Value functions say how good things are; the Bellman equations say value is recursive. Optimal policy = argmax over actions of Q^*.

V and Q

V^pi(s)    = E_pi [ G_t  |  s_t = s ]                   "how good is this state?"
Q^pi(s, a) = E_pi [ G_t  |  s_t = s, a_t = a ]          "how good is this (s, a)?"
V^pi(s)    = sum over a of  pi(a | s) * Q^pi(s, a)      (V = policy-weighted average of Q)

Need Q (not V) for model-free control: V tells you which states are good but
not which action; Q has the action baked in.

Bellman EXPECTATION (under a given policy pi)

V^pi(s)    = sum_a pi(a|s) * [ R(s, a)  +  gamma * sum_s'  P(s'|s, a) * V^pi(s') ]
Q^pi(s, a) = R(s, a)  +  gamma * sum_s'  P(s'|s, a) * sum_a' pi(a'|s') * Q^pi(s', a')

Derivation (one line): G_t = r_(t+1) + gamma * G_(t+1); take E_pi of both sides.

Bellman OPTIMALITY (best over any policy)

V^*(s)    = max_a   [ R(s, a)  +  gamma * sum_s'  P(s'|s, a) * V^*(s') ]
Q^*(s, a) = R(s, a) +  gamma * sum_s'  P(s'|s, a) * max_a' Q^*(s', a')

Expectation -> sum over actions weighted by pi.
Optimality  -> MAX over actions.

The recursion at work

Chain (deterministic, no cycles), V(D) = 5 given, gamma = 0.8:
  V(C) = R(C) + 0.8 * V(D) = 4 + 0.8*5  = 8
  V(B) = R(B) + 0.8 * V(C) = 1 + 0.8*8  = 7.4
  V(A) = R(A) + 0.8 * V(B) = 2 + 0.8*7.4 = 7.92

Cyclic (H/S MDP, single action, gamma = 0.9):
  V(H) = 1  + 0.9 * [ 0.8 V(H) + 0.2 V(S) ]
  V(S) = -1 + 0.9 * [ 0.5 V(H) + 0.5 V(S) ]
  V appears on both sides => fixed-point system; iterate (Phase 2) or linear-solve.

Greedy from Q^*

pi^*(s) = argmax over a of  Q^*(s, a)
=> once Q^* is in hand, the optimal policy is trivial. (Why value-based methods work.)

Pitfalls to dodge

Confusing expectation (sum under pi) with optimality (max over actions).
Acting on V without a model (need Q for action choice without lookahead).
Treating the cyclic Bellman equation as a one-shot substitution (it’s a fixed point).
Off-by-one on reward subscripts: a_t in s_t produces r_(t+1), s_(t+1).
Believing greedy w.r.t.
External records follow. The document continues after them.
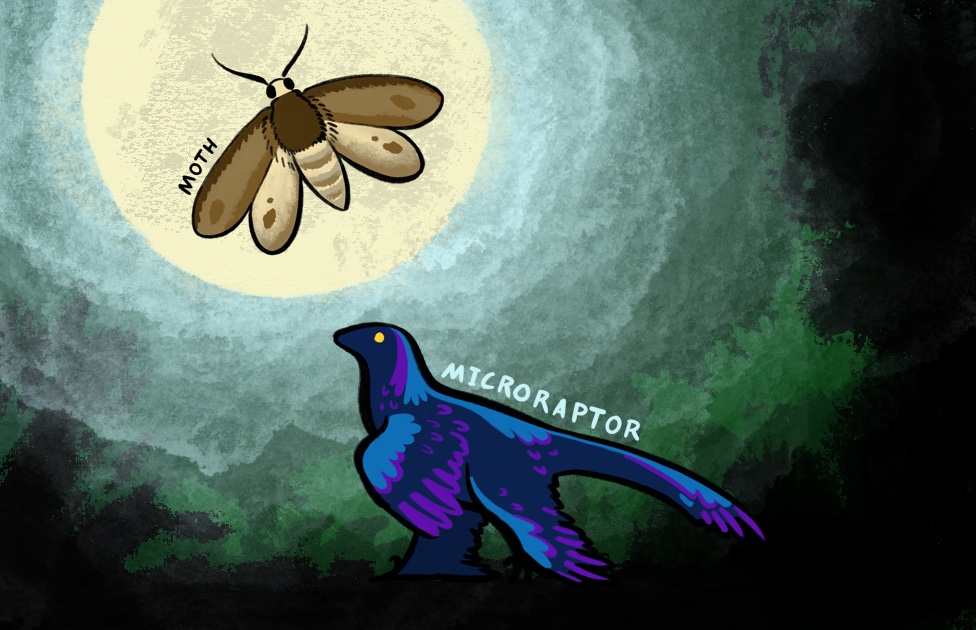 M is for Microraptor and a Moth on a Misty, Moonlit night…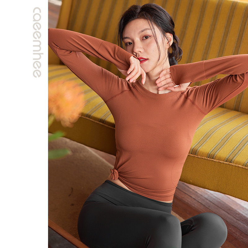 卡益瑜伽服女秋冬一体织长袖健身上衣专业高端时尚普拉提训练服女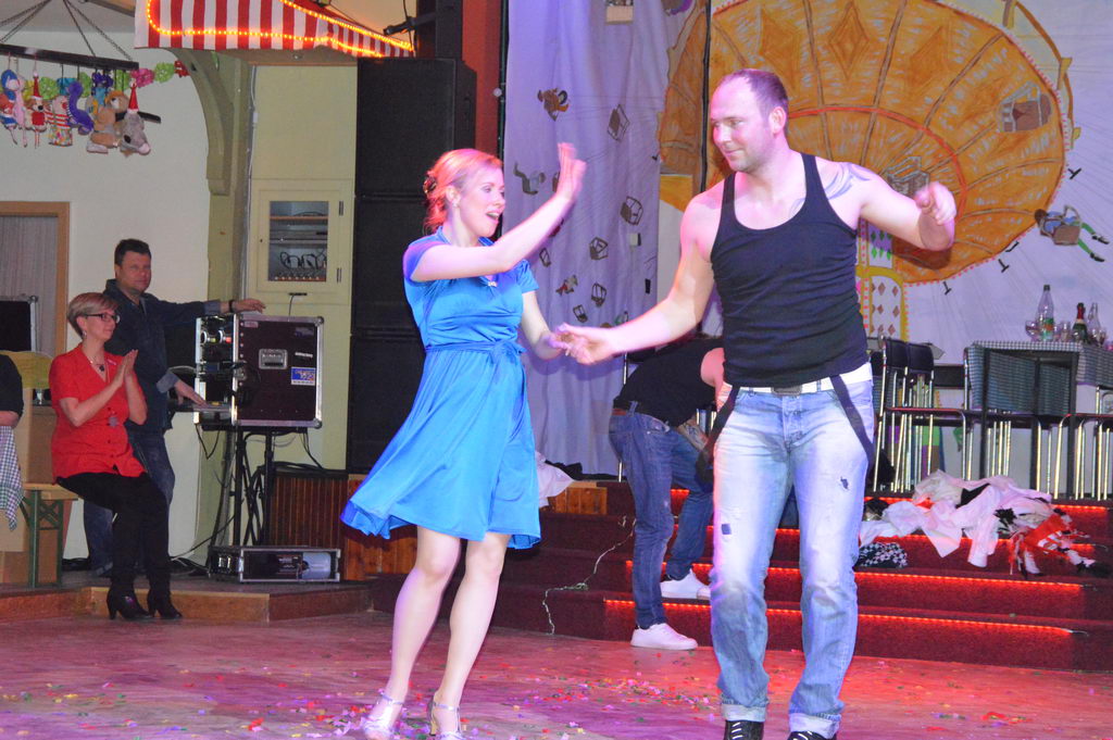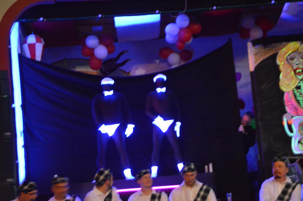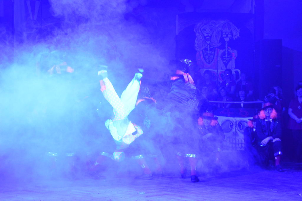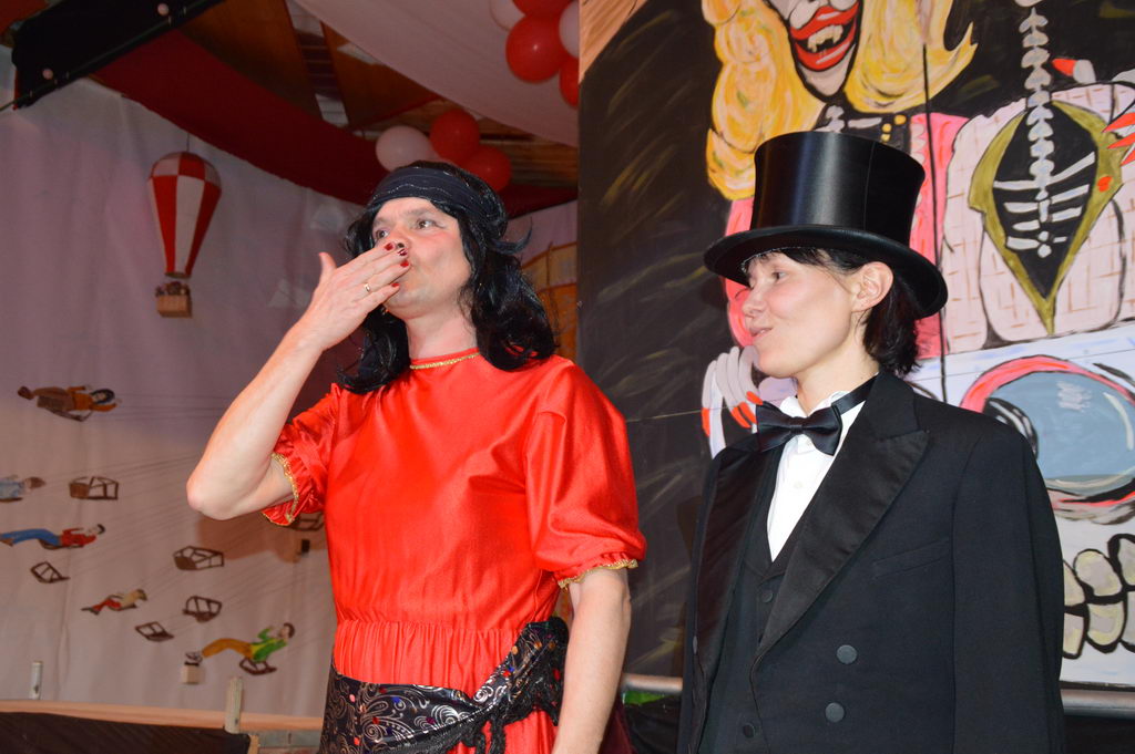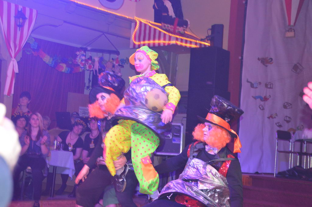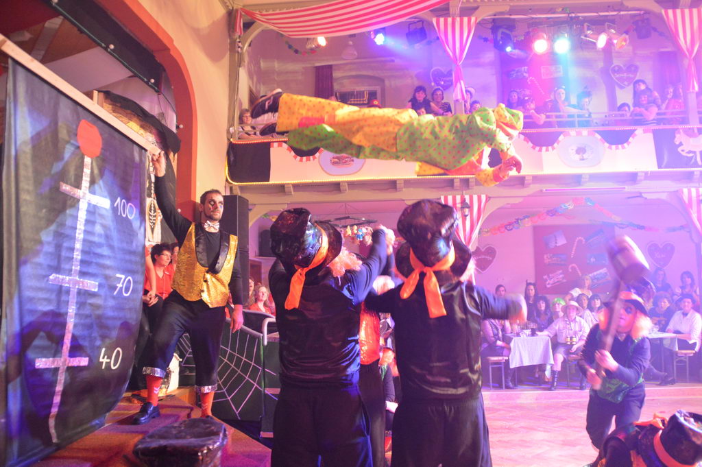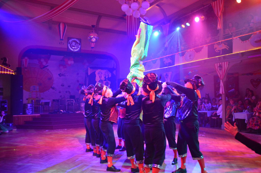 Und zum Anderen war es genau die akrobatische Leistung von Lukas, der zu allen Veranstaltungen die Besucher (und die Vereinsmitglieder) beeindruckte. Immerhin hat er auch nach reichlich blauen Flecken wärend der Trainingszeit in der Vorbereitung auf den Fasching nie den Mut und das Vertrauen verloren, dass er den bzw. die Auftritt(e) unverletzt übersteht.

ESTIMATED Q during learning is safe (need exploration; lesson 8).

Words to use precisely

V(s) / Q(s, a): state-value / action-value — expected returns.
Bellman expectation equation: V or Q under a specific policy, as a recursion.
Bellman optimality equation: V^* or Q^* as a recursion using max over actions.
Fixed-point equation: V on both sides; solved by iteration or linear algebra.
Greedy policy: pi(s) = argmax_a Q(s, a); optimal when Q = Q^*.